Apply two or three drops of lemongrass oil to a cotton ball and place it just inside the entrance. Reapply every few days, especially after rain. You can also use old brood comb or beeswax rubbed on the inside walls. The waxy smell signals that bees have lived there before, which is a strong draw for scouts evaluating potential nest sites.

Avoiding Trapping the Wrong Insect

If your goal is trapping wasps or yellowjackets rather than bees, bait choice makes a big difference. Honey bees and bumble bees get their protein from pollen, so they ignore meat-based or protein baits. Wasps, on the other hand, readily collect sugar-free protein baits in spring and early summer when they’re feeding developing larvae. This makes protein baits highly selective: they attract wasps without luring in bees.

The catch is timing. By late summer, wasp colonies peak in size and workers shift from protein to sugar foraging. At that point, protein baits stop working. Sugar baits attract almost everything, including bees, so they’re a poor choice if you want to avoid harming pollinators. Research has identified certain sugar alcohols (sorbitol and xylitol) that wasps find appealing but honey bees actively avoid, offering a more targeted option for late-season wasp control.

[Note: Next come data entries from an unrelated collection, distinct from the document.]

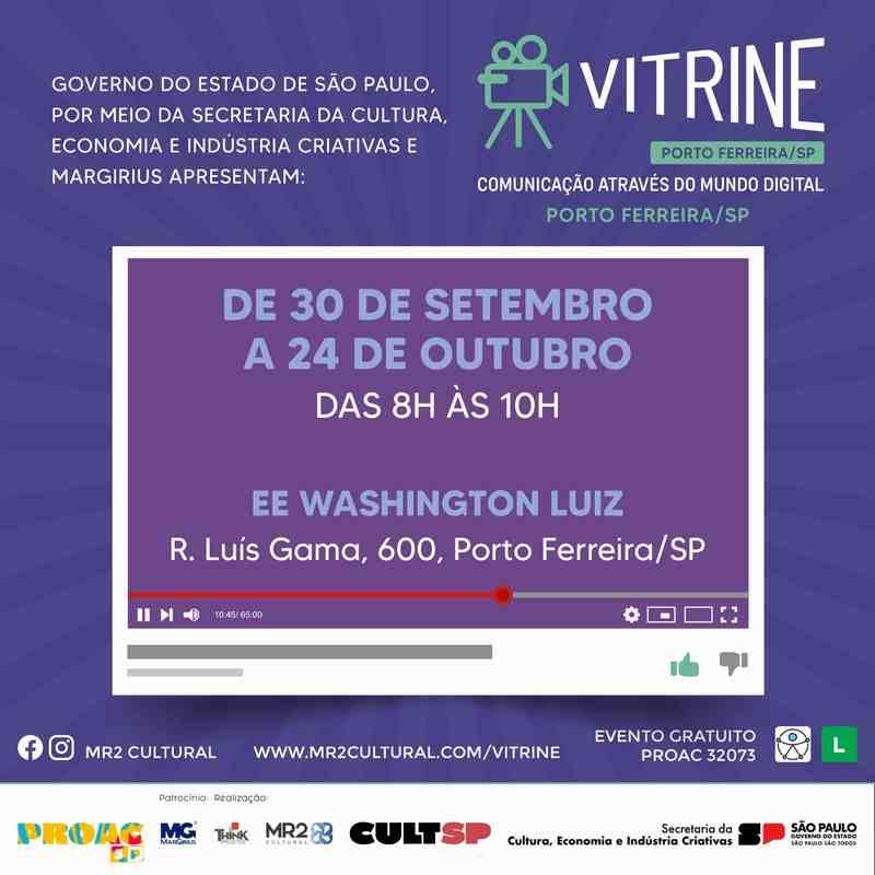 O projeto Vitrine – Comunicação através do Mundo Digital volta a Porto Ferreira com o objetivo de oferecer as ferramentas necessárias para que jovens de 14 a 16 anos possam criar suas próprias produções, por meio de oficinas gratuitas de audiovisual. Nesta edição, o projeto Vitrine contemplará 20 alunos da Escola Estadual Washigton Luiz, entre os dias 30/09 e 24/10. Já no dia 25/10, das 8 às 10 horas, será realizada a exposição dos trabalhos do participantes.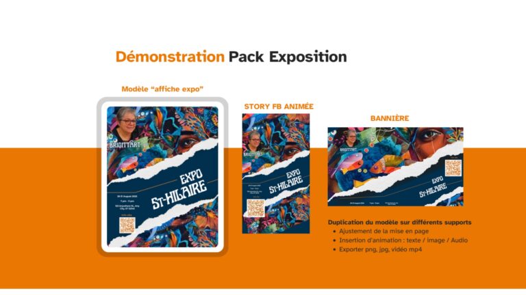 Une même information peut être déclinée facilement en plusieurs formats : affiche papier, post Instagram, story, bannière, PDF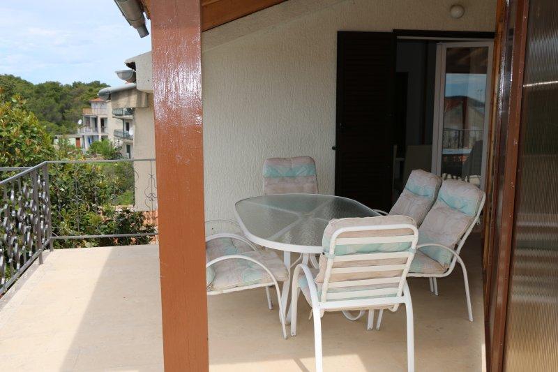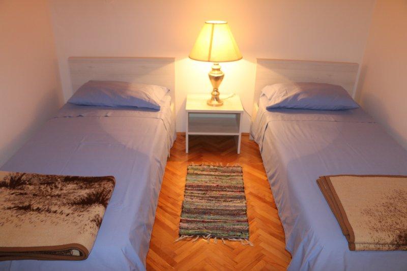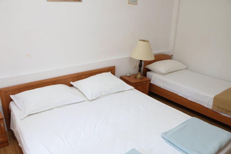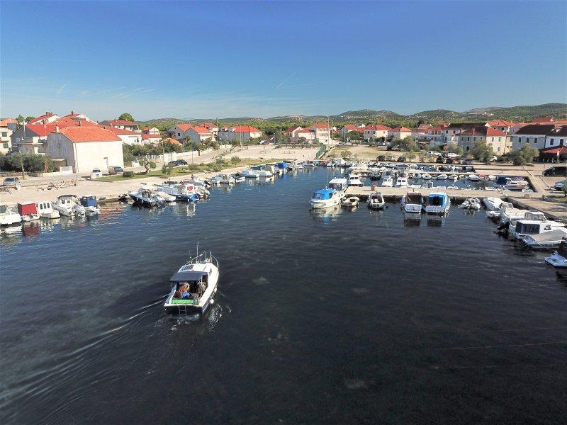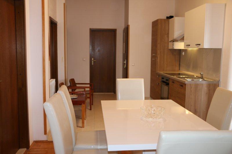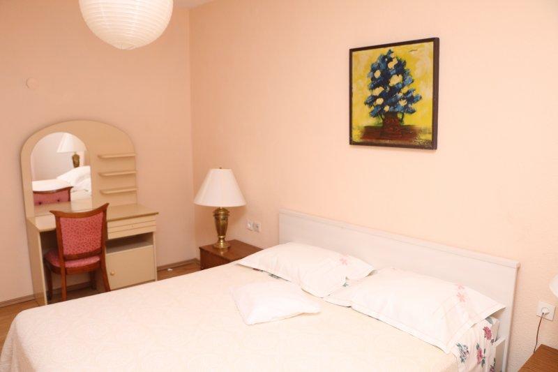 Teljesen felszerelt apartmanok Zablac központjában, 50 méterre a tengertől és 200 méterre a strandtól, a cement strand déli oldalán, a régi fenyvesben, és a kavicsos (természetes) strand nyugati oldalán. Tíz perces sétával választják el az apartmanokat a SOLARIS Hotel komplexumtól, és ugyanazon 2 kilométeres körzetben találhatók a kiválóan berendezett strandok, ahol különféle sportolási és kikapcsolódási lehetőségek, valamint nappali és éjszakai gasztronómiai és szórakozási lehetőségek állnak rendelkezésre. Ebből a néhány szóból arra a következtetésre jutva, hogy minden korosztály kielégítheti igényeit és élvezheti a nyaralást apartmanjainkban. Minden apartman teljesen fel van szerelve a kényelmes tartózkodáshoz szükséges összes készlettel. Parkolóhely a ház előtt.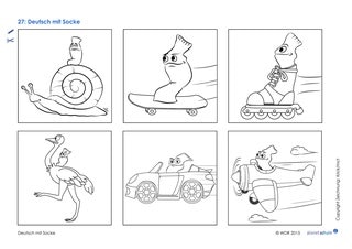 Die Klasse schaut sich den Clip an und spricht über das Gesehene. Auf Materialblatt 27 gibt es allerlei Bewegliches, mit dem ein Schnelligkeitsranking aufgestellt werden kann: Schnecke, Skateboard, Inliner, Vogel, Auto und Flugzeug.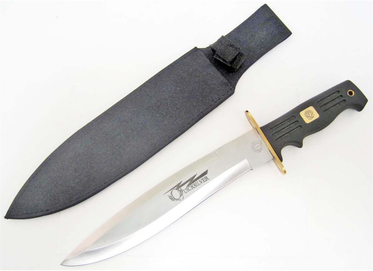 15" overall. 10" stainless bowie blade etched Quicksilver. Grooved black composition handles. Brass guard. Inlay shield. Lanyard hole. Black nylon belt sheath.

Staying Safe Around Bee Traps

For a single indoor bee, no special gear is needed. For carpenter bee traps and swarm traps, a few precautions help. When checking or emptying any trap with live bees, wear light-colored clothing (white is ideal), long sleeves, and pants tucked into boots that cover your ankles. Bees can crawl into gaps, so tight-fitting cuffs at wrists and ankles matter more than fabric thickness.

If you’re working with swarm traps, a bee veil that covers your face and head while allowing clear visibility is the most important single piece of equipment. Gloves made of leather or canvas protect your hands, though some beekeepers prefer the dexterity of working gloveless and accept the occasional sting. Service traps in the early morning or late evening when bees are least active and temperatures are cooler. Avoid standing directly in front of the entrance, which puts you in the flight path.

For carpenter bee traps, the risk is lower since these bees are solitary and males (the ones that hover aggressively near you) lack stingers entirely. Females can sting but rarely do unless you handle them directly. Emptying the collection jar is the only step that requires caution, and wearing a single glove on your dominant hand is usually sufficient.